A study of discontinuous Galerkin methods for water waves simulation

Dr. Satyendra K. Tomar

July 14, 2005, 1 p.m. HF 136

A discontinuous Galerkin finite element method for the numerical simulation of water waves will be presented. An accurate representation of the nonlinear waves with a significant amplitude gives rise to the deforming elements and it is well known that the standard finite element techniques with asymmetric spatial discretization lead to instabilities in the numerical solution of such problems. To overcome this problem, among the practically successful techniques are, the addition of the viscosity terms to the free surface (FS), and the finite difference (FD) reconstruction of the FS. However, both of these approaches have their own limitations, the viscosity approach unnecessarily damps the wave amplitude, and the FD approach is not attractive in general geometries and for hp-adaptation.
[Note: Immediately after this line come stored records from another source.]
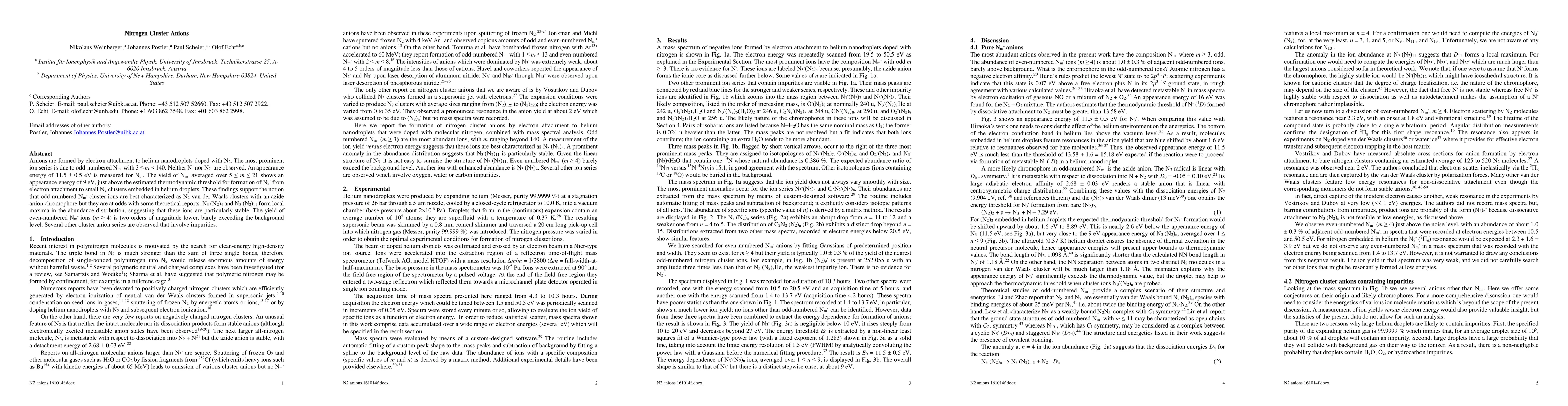 Anions are formed by electron attachment to helium nanodroplets doped with N$_2$. The most prominent ion series is due to odd-numbered N$_m$$^{-}$ with 3 $\le$ m < 140. Neither N$^{-}$ nor N$_2$$^{-}$ are observed. An appearance energy of 11.5 $\pm$ 0.5 eV is measured for N$_3$$^{-}$. The yield of N$_m$$^{-}$ averaged over 5 $\le$ m $\le$ 21 shows an appearance energy of 9 eV, just above the estimated thermodynamic threshold for formation of N$_3$$^{-}$ from electron attachment to small N$_2$ clusters embedded in helium droplets. These findings support the notion that odd-numbered N$_m$$^{-}$ cluster ions are best characterized as N$_2$ van der Waals clusters with an azide anion chromophore but they are at odds with some theoretical reports. N$_3$$^{-}$(N$_2$)$_4$ and N$_3$$^{-}$(N$_2$)$_{11}$ form local maxima in the abundance distribution, suggesting that these ions are particularly stable. The yield of even-numbered N$_m$$^{-}$ ions (m $\ge$ 4) is two orders of magnitude lower, barely exceeding the background level. Several other cluster anion series are observed that involve impurities.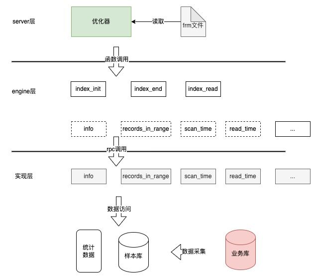 因为MySQL本身就支持自定义存储引擎,所以索引推荐思路是构建一个支持虚假索引的存储引擎,在它上面建立包含候选索引的空表,再采集样本数据,计算出统计数据提供给优化器,让优化器选出最优索引,整个调用关系如下图所示: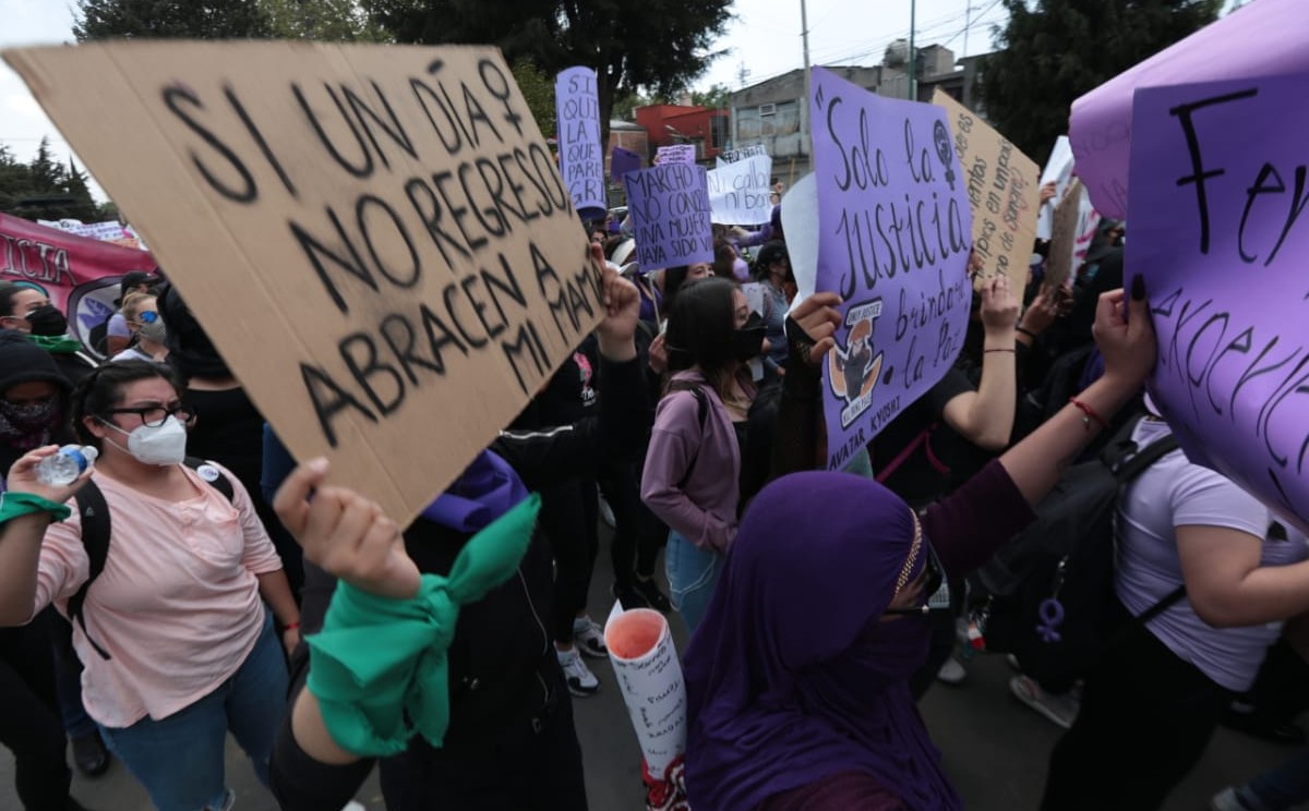 Alzar la voz, hacer valer los derechos de mujeres y erradicar un sistema patriarcal, fueron algunas de las peticiones durante la marcha en la capital mexiquense este 8 de marzo de 2022.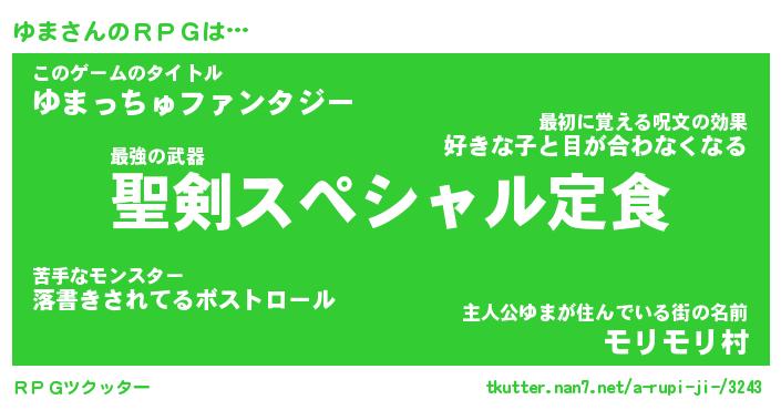 | ファンタジー風あだ名 | 『ユマフェル』『エターナルユマー』 |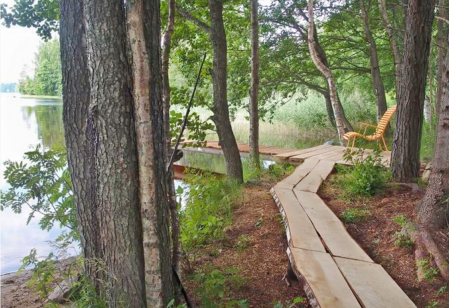 Tervaleppien alla, kalaisan järven rannalla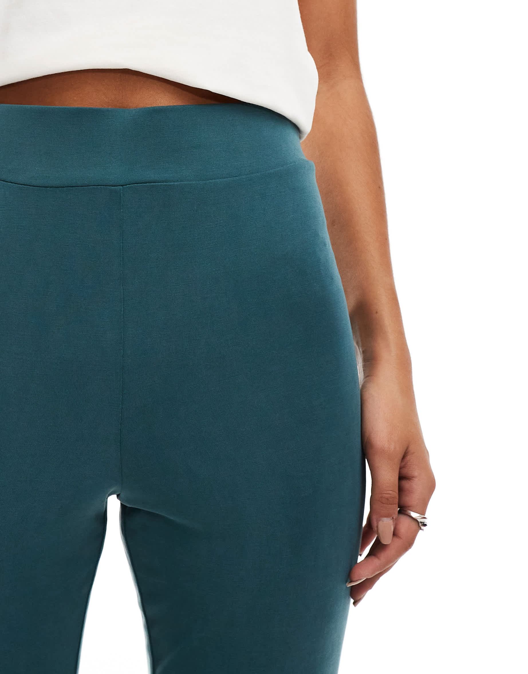 Monki super soft low waist flare jersey trousers in green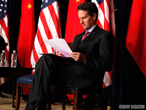 [cnn-photo-caption image= http://i2.cdn.turner.com/cnn/2009/POLITICS/05/31/china.geithner/art.geithner.jpg caption="U.S. Treasury Secretary Tim Geithner will push for better relations with China."](CNN) - Treasury Secretary Tim Geithner is set to meet with several high-ranking members of the Chinese leadership this week, marking the Obama administration's first major overture to the powerhouse nation.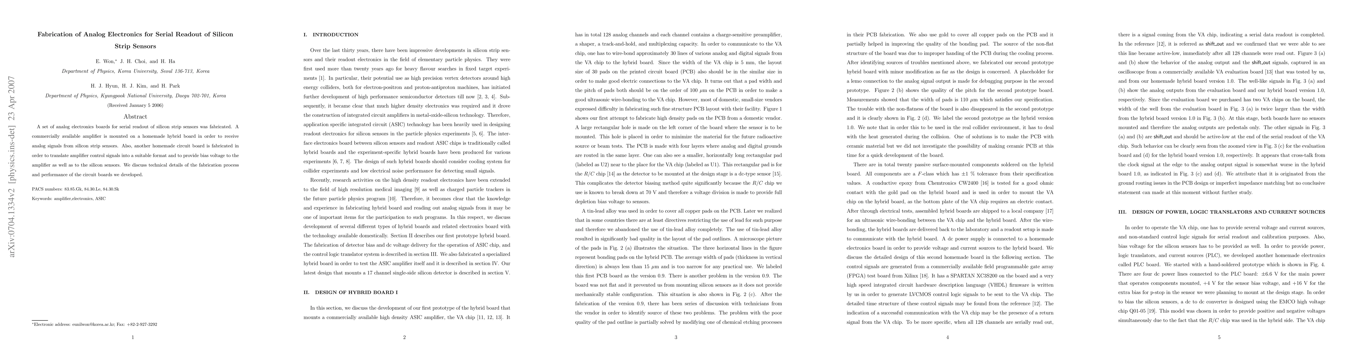 This paper details the fabrication of analog electronics for serial readout of silicon strip sensors, integrating a commercial amplifier with custom hybrid and control boards to optimize signal processing and sensor biasing. The study discusses technical fabrication processes and evaluates the performance of the developed circuit boards.
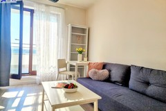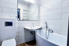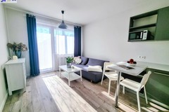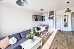 Kuchnia wyposażona w meble w zabudowie oraz sprzęt AGD lodówka z zamrażalką, płyta grzewcza, okap, zmywarka, mikrofalówka. W łazience narożna wanna, umywalka, toaleta, pralka. W sypialni znajduje się w duże łóżko, komodę oraz szafę w zabudowie. Salon mieści kanapę, stolik kawowy oraz stół z krzesłami. Z salonu również wyjście na balkon. Dodatkowo do dyspozycji są dwie szafy - jedna przy salonie, druga we wspólnym przedpokoju.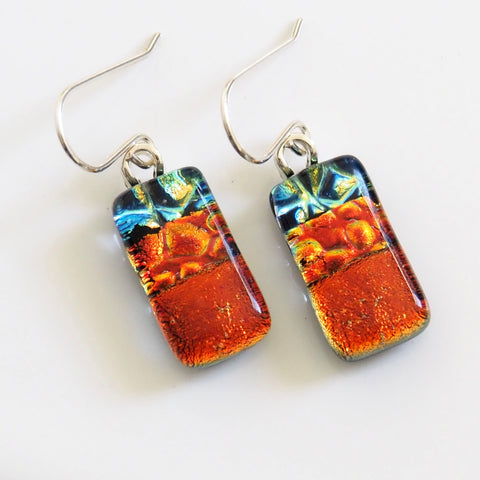 Orange and blue dichroic glass earrings. These earrings have a mottled pattern in blue and orange, with a plain orange area at the bottom, made from shiny sparkling dichroic glass.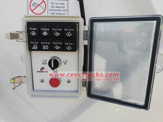 ISUZU EVM600 light duty electric rear loader compactor truck is designed for solid waste collection, compression and transprotation, which use dual-track packing system, push shovel matched working with nylon plate for smoothly working, and this system is designed with double way compressing function, matched working with back pressure valve, to guarantee loading ability more efficiency. CEEC TRUCKS adope multiple nylon plate for rear sliding plate, and making up and down working more efficiently. The rear loading type can be customized as 240L and 1100L internation standard garbage bins, lifting capacity can be over 1000kg.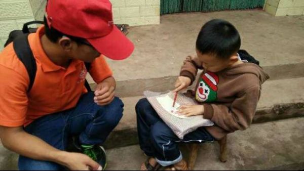 在进行摆点宣传的同时,其他小分队则到各村进行家访。对留守儿童家庭进行访问,了解家庭情况,为留守儿童送去温暖关爱以及为他们辅导功课和作业。

In this talk two approaches will be discussed: (1) using the coupled form of the FS equations and implicit time discretizations, and (2) treating the FS equations in decoupled form and explicit time schemes. A detailed semi-discrete stability analysis, followed by a fully discrete stability analysis of RK4 scheme of the second approach will be presented. Further, to improve the accuracy of the computed velocity field a superconvergent gradient recovery technique based on L2 projections has been employed and the supporting results from the stability analysis will be presented.